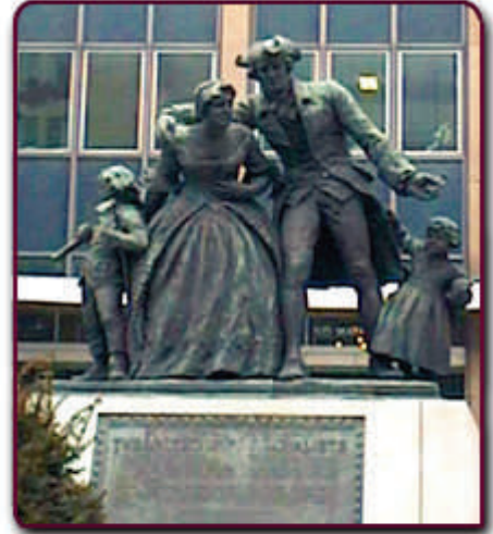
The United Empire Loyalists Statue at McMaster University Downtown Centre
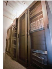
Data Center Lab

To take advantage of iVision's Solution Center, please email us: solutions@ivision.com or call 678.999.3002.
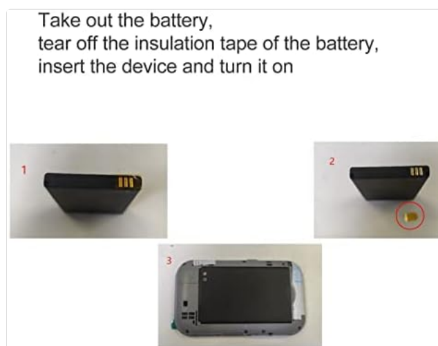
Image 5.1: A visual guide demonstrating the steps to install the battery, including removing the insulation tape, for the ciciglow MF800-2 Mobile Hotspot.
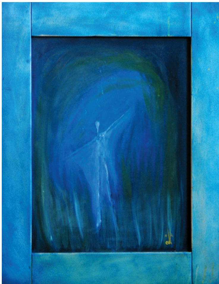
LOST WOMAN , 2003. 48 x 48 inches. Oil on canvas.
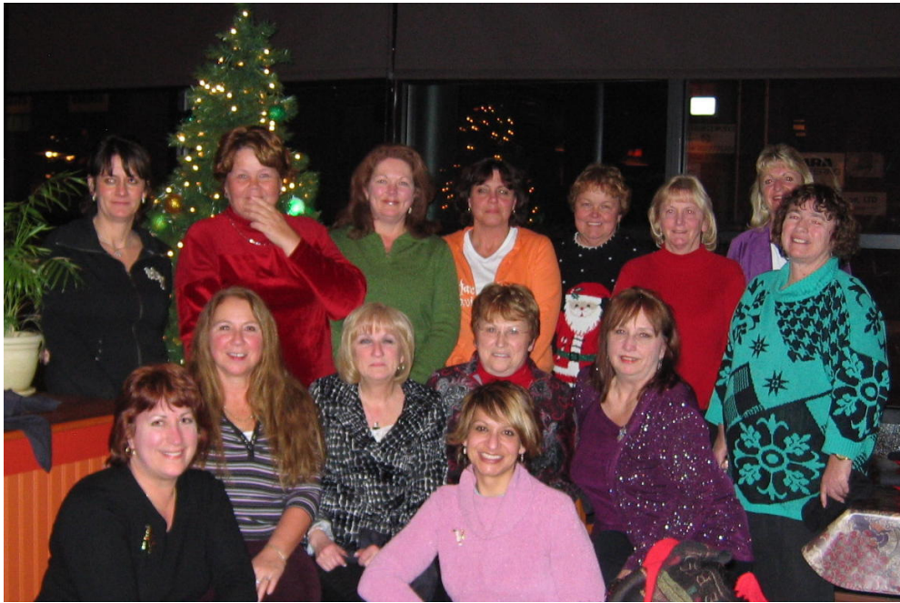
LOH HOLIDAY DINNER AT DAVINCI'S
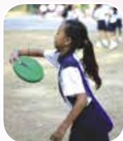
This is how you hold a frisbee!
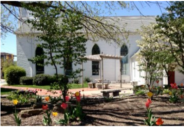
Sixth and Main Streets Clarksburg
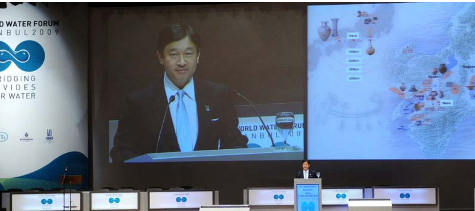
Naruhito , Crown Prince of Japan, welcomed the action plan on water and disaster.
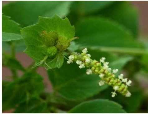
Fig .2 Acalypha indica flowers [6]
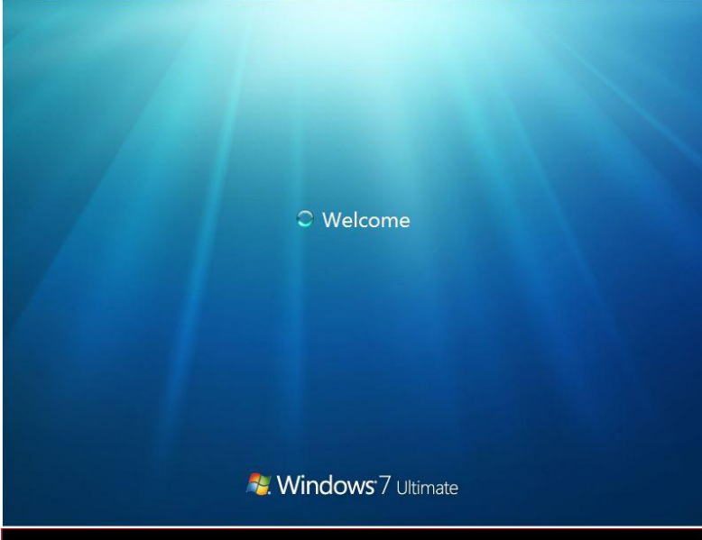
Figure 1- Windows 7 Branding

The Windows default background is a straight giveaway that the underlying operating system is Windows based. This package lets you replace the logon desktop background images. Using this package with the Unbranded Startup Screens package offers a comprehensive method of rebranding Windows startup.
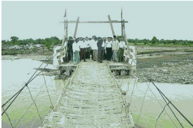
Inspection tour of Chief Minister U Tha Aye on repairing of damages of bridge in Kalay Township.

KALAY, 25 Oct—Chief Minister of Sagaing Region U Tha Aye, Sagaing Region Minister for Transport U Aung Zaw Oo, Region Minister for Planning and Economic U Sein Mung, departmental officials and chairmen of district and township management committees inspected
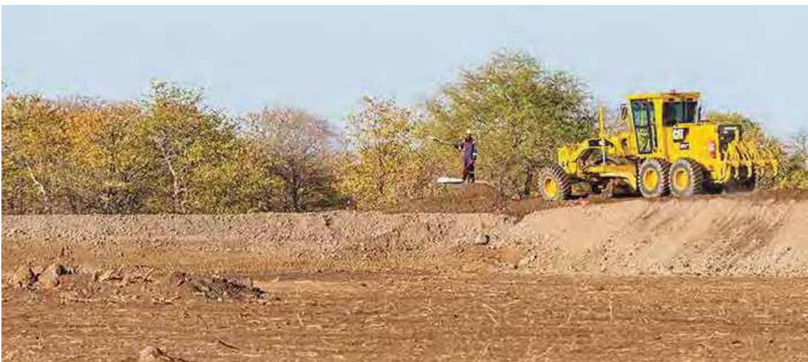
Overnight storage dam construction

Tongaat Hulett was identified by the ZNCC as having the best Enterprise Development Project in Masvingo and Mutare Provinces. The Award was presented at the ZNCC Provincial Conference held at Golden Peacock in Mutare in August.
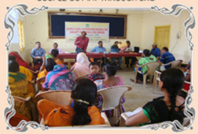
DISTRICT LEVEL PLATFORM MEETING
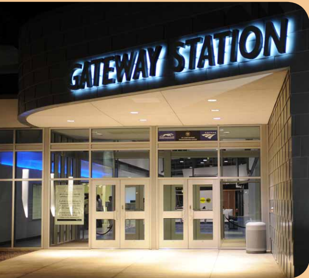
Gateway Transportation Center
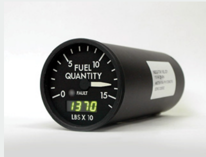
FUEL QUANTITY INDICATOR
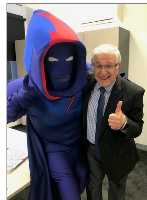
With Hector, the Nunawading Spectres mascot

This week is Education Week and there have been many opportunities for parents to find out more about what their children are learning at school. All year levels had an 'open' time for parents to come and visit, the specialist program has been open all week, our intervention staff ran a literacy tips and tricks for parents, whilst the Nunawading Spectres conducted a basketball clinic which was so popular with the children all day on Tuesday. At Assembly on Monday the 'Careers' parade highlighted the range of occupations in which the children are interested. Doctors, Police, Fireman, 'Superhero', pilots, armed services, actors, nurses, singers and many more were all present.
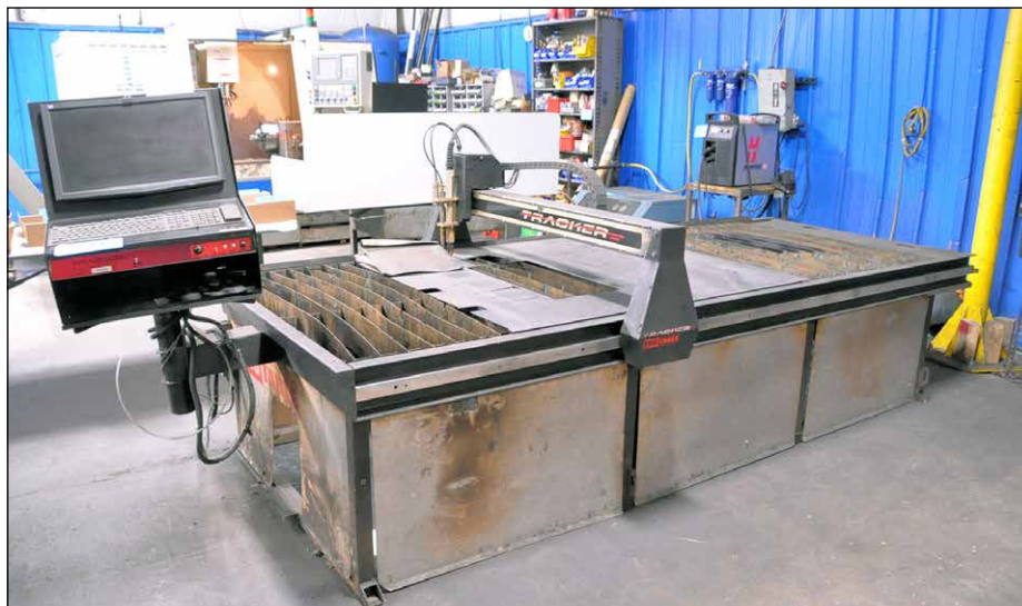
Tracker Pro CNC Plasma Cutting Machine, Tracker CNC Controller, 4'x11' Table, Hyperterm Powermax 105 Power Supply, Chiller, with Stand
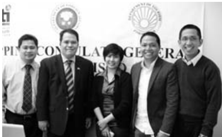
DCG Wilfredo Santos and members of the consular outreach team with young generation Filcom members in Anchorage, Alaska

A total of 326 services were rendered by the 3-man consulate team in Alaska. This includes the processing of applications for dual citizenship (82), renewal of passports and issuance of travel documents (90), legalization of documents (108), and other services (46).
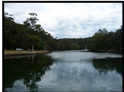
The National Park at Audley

********

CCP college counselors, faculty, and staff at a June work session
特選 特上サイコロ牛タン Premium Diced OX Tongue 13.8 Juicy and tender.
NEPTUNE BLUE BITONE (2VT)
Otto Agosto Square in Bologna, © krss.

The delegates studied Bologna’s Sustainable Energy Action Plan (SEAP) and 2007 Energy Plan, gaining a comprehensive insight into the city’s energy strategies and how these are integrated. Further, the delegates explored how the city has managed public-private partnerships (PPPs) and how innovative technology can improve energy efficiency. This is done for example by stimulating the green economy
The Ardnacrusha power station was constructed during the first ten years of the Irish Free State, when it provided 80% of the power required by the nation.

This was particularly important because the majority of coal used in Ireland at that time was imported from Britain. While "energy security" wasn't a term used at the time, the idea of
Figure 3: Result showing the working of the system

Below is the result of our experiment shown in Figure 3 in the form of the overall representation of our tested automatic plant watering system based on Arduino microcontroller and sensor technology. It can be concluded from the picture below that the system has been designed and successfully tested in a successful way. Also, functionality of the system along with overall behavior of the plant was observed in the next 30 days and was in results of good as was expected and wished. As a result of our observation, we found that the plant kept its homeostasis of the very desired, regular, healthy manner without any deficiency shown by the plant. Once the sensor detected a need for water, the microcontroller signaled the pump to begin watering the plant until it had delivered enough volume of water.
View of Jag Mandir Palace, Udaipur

********

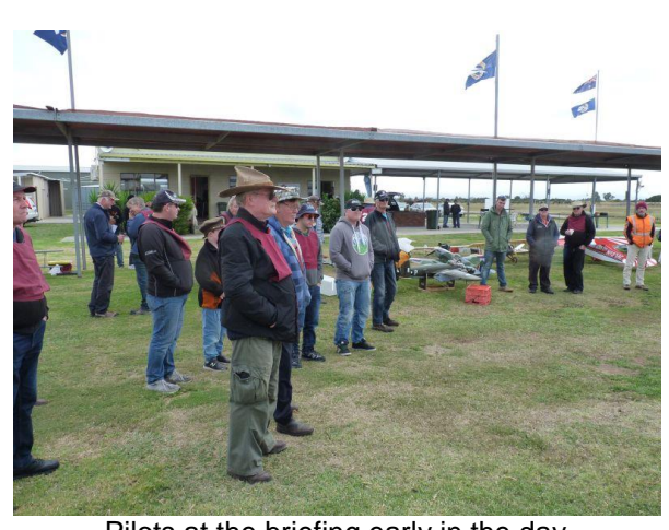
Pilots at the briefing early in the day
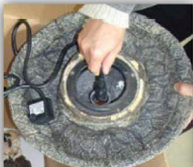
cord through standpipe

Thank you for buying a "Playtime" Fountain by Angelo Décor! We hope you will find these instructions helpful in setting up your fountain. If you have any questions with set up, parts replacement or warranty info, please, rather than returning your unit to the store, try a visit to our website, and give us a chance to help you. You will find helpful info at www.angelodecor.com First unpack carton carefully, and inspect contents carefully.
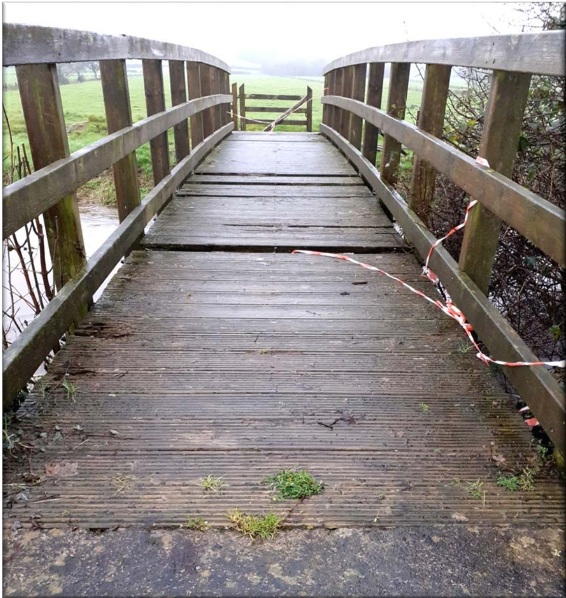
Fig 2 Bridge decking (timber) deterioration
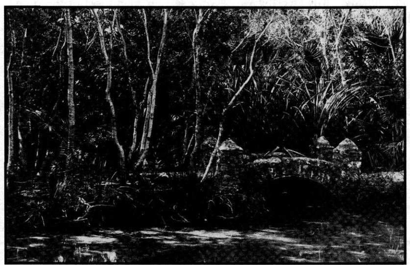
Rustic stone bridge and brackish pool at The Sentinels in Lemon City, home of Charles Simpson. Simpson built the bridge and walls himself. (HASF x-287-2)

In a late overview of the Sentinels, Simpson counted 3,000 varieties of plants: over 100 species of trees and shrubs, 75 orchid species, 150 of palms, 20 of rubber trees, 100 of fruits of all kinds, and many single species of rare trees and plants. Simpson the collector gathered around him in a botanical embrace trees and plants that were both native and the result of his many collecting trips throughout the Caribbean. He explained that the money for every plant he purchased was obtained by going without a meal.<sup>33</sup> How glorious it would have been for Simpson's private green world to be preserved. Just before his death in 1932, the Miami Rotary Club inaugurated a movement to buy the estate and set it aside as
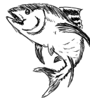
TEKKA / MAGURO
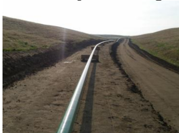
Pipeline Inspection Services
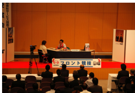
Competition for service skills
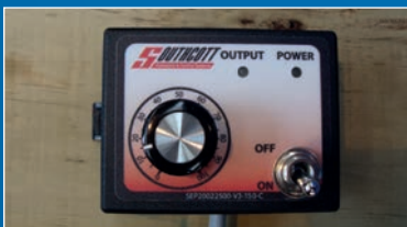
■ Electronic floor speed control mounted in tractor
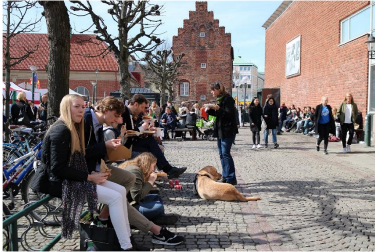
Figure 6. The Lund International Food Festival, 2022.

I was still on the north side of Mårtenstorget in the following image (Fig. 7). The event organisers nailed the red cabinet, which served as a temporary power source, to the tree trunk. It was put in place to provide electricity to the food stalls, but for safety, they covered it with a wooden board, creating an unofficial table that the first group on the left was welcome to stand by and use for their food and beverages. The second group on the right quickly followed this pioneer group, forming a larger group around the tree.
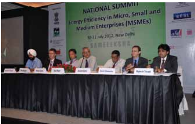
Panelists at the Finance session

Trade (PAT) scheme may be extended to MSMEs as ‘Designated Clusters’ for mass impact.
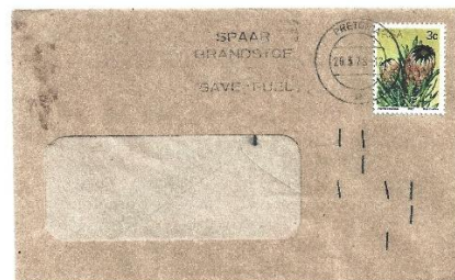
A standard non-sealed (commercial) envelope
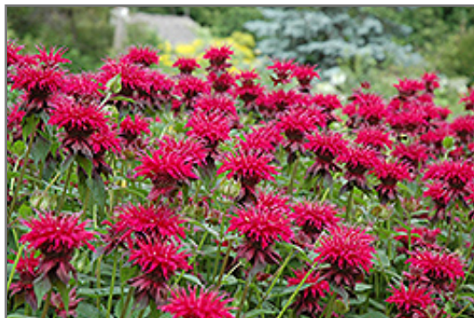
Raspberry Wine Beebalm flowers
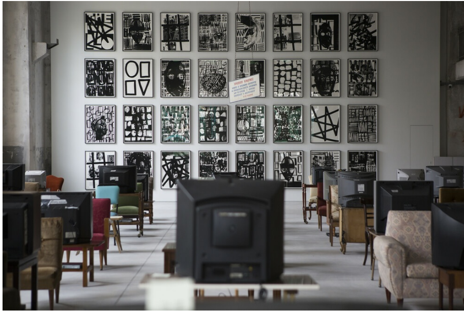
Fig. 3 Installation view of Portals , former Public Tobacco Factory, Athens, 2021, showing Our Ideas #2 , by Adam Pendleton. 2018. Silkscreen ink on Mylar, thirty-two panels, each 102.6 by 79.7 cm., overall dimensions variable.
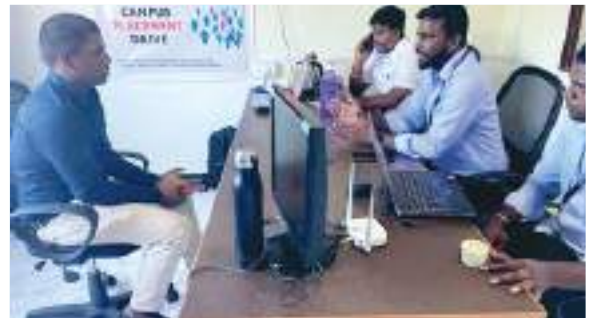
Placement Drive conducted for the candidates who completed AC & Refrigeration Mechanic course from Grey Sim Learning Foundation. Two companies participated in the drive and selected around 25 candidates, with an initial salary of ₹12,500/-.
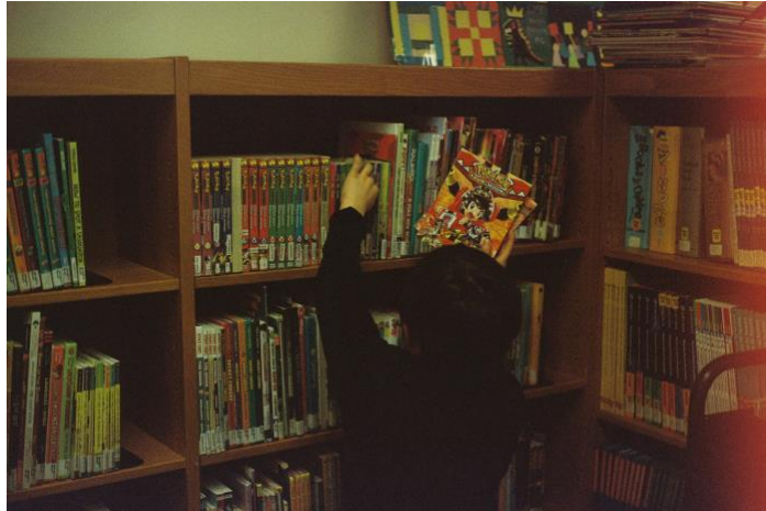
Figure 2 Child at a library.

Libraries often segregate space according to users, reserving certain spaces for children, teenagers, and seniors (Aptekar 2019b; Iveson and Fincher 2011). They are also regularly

********

How to complete this task:
Having found the line with "Tracker Pro CNC" and the line with "The National Park at Audley" in the material above, write out exactly those two and every line between, leaving the pictures out.

Result of the task:
Tracker Pro CNC Plasma Cutting Machine, Tracker CNC Controller, 4'x11' Table, Hyperterm Powermax 105 Power Supply, Chiller, with Stand
DCG Wilfredo Santos and members of the consular outreach team with young generation Filcom members in Anchorage, Alaska

A total of 326 services were rendered by the 3-man consulate team in Alaska. This includes the processing of applications for dual citizenship (82), renewal of passports and issuance of travel documents (90), legalization of documents (108), and other services (46).
The National Park at Audley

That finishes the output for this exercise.